Duplicate detection runs automatically as part of the idea creation pipeline:

  1. A new idea is created and queued for processing.
  2. The queue worker generates an embedding using the @cf/baai/bge-m3 model.
  3. The embedding is compared against all existing idea embeddings in Cloudflare Vectorize.
  4. If an existing idea scores above the dedup threshold (default 0.75), a duplicate_detections record is created with status pending.
  5. If an existing idea scores above the related threshold (default 0.5) but below the dedup threshold, a related relation is created automatically instead.

The dashboard shows a Duplicates badge in the navigation when pending detections exist. Click it to open the duplicates review panel, which displays pairs of ideas side by side with their similarity score.

Every pending detection must be resolved with one of two actions: dismiss or merge.
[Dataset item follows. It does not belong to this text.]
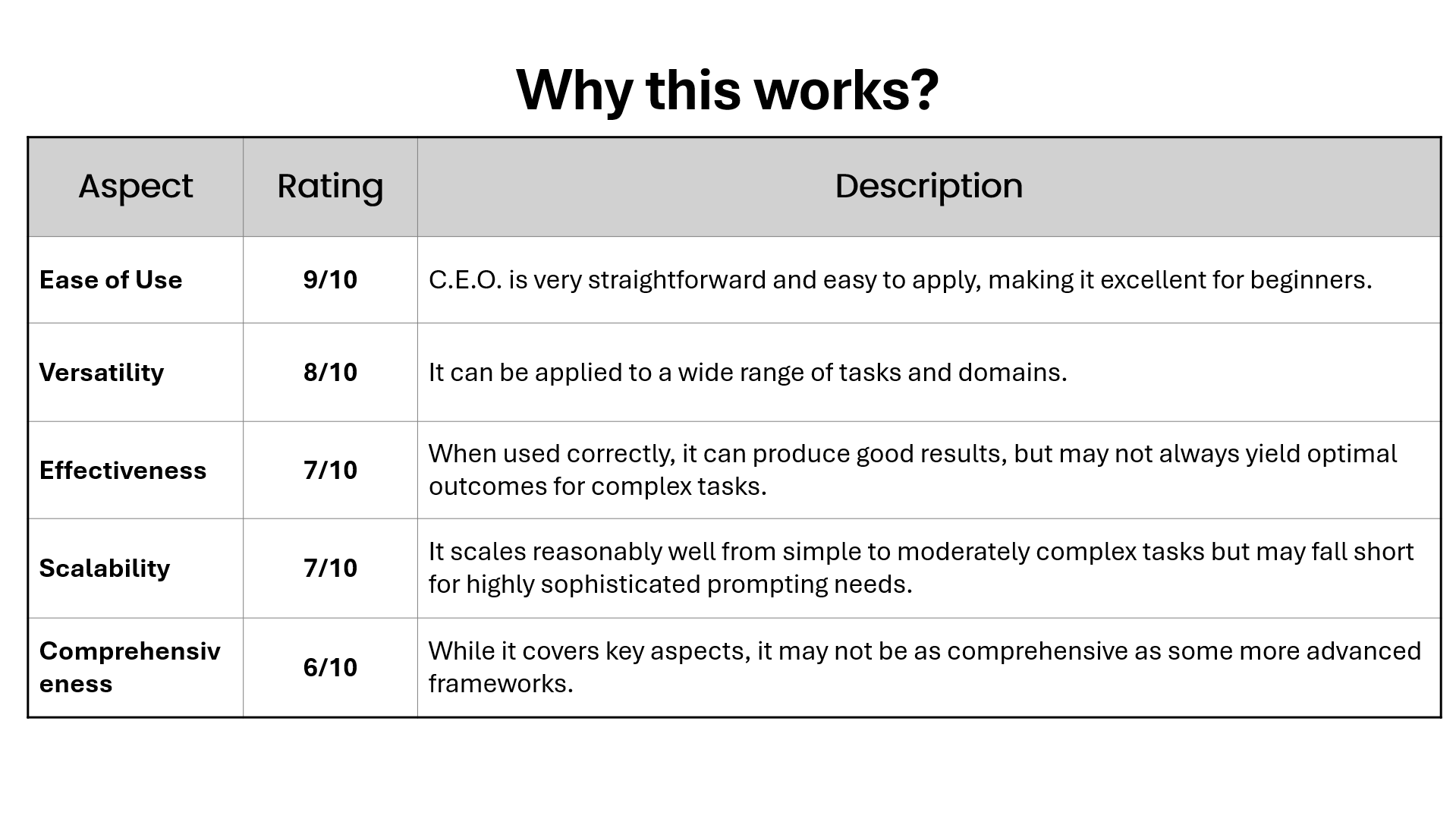 With the C.E.O. Prompting Approach , your prompt responses will be clearer, and more precise. Try this and let me know how did it go.

If the detection is a false positive — the ideas are similar but distinct — dismiss it. The detection is marked as dismissed and will not appear again.

Terminal window
POST /api/v1/ideas/duplicates/1/dismiss

If the ideas are truly duplicates, merge them. Merging combines both ideas into one and cleans up the duplicate.

The merge process:

  1. Bodies are concatenated — the absorbed idea’s body is appended to the kept idea’s body, separated by a horizontal rule.
  2. Tags are unioned — all tags from both ideas are combined (up to the 20-tag limit).
  3. A supersedes relation is created — the kept idea supersedes the absorbed idea.
  4. The absorbed idea is archived — it is removed from active views but retained in the database for history.
Terminal window
# Merge: keep idea 42, absorb idea 58
nrepo merge 42 58

The dedup threshold controls how similar two ideas must be to trigger a duplicate detection. Adjust it in your user settings.

SettingRangeDefaultEffect
dedup_threshold0.1 - 0.90.75Higher = fewer detections, only near-exact matches
related_threshold0.1 - 0.90.50Ideas above this but below dedup get a related relation
Terminal window
curl -X PATCH https://neuralrepo.com/api/v1/user/me \
-H "X-API-Key: nrp_YOUR_KEY" \
-H "Content-Type: application/json" \
-d '{"settings_json": {"dedup_threshold": 0.80}}'